Была и ещё одна серьёзная причина неучастия в соборе нашей церкви, а под её влиянием и ряда других православных церквей (не только под её влиянием, были у них на то и свои причины, но и это влияние было большое, чего нельзя отрицать). Есть большие противоречия между церквами, прежде всего между теми, которые по разным причинам считают себя лидерами православного мира. Конечно, имеются в виду, в первую очередь, Константинопольский и Московский патриархаты. Понятно, что Константинопольская церковь, так сказать, honoris causa, как первенствующая церковь после Римского престола, стала называть себя «Вселенской», «Вселенским патриархатом», и она стала претендовать на организацию жизни всех православных церквей, воспоминая какие-то свои заслуги ещё времён Византийской империи. Московский патриархат тоже, опираясь на свои масштабы, численность, а также на свои большие исторические заслуги – действительно очень даже немалые, хотя и имевшие место в истории в большей части лишь после падения Константинополя в середине XV века, – тоже претендует на то, чтобы определять настроения и основные тенденции и формы устроения всего православного мира. А вместе с ним и не только православного, потому что, хоть и небольшое влияние имеет православная церковь в общехристианском и мировом контексте, однако же имеет.

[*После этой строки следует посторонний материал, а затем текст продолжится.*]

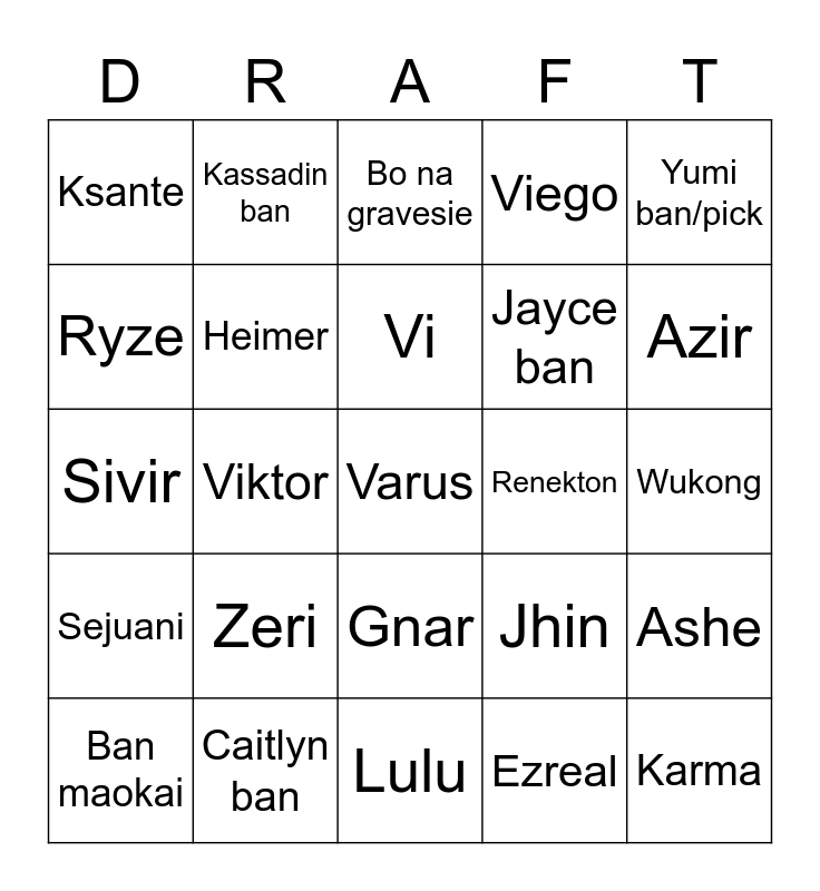 This bingo card has a free space and 24 words: Zeri, Caitlyn ban, Vi, Ban maokai, Yumi ban/pick, Ksante, Ryze, Kassadin ban, Renekton, Gnar, Jayce ban, Sivir, Jhin, Ashe, Heimer, Ezreal, Wukong, Bo na gravesie, Azir, Viktor, Karma, Sejuani, Viego and Lulu.

Вот эти две причины отсутствия нашей церкви на Крите стали главными. Плюс некоторая политическая конъюнктура, которая всегда мешала деятельности вселенских соборов, всегда вмешивалась в их работу. И под влиянием всех этих факторов в итоге получилось то, что получилось.
Чтобы объяснить, почему я так думаю, приведу такой пример. Как вы знаете, мы недавно были в Мюнхене на довольно большом съезде, чисто экуменическом. Почему мы поехали? Не из-за экуменизма. Главная причина была в том, что собирались все духовные движения, общины и братства Европы. И это довольно мощно. Участвовало в этом конгрессе около двух тысяч человек. Это для современного мира много значит. Мы были приглашены рассказать всем о нашем движении, о нашем Братстве. И, конечно, отказаться от столь любезного предложения мы не могли, хотя в этом объединении движений, которое неформально называется «Друзья Штутгарта», по месту проведения одного из основоположных съездов, мы участвовали с самого начала, с самого Штутгарта. Наши представители уже много лет присутствовали на этих съездах, но на них раньше мы были, скорее, только наблюдателями. Да, мы и раньше были в курсе всего, что происходит в Европе, в духовных движениях Европы всех церквей – протестантских, католических, православных, но они вдруг заинтересовались нашим Братством и искренне захотели его лучше понять и представить себе. Для них было важно и то, что приедет основатель движения, они это очень подчёркивали. Но от нас был не только я, были ещё и председатель нашего Преображенского братства Дмитрий Сергеевич Гасак, и сотрудник СФИ Лариса Юрьевна Мусина, а также оглашаемые и огласившиеся люди, которые постоянно живут в Германии – они помогали нам с переводами и некоторыми другими моментами. Тот огромный интерес и доверие, которое мы испытали там, для нас много значат.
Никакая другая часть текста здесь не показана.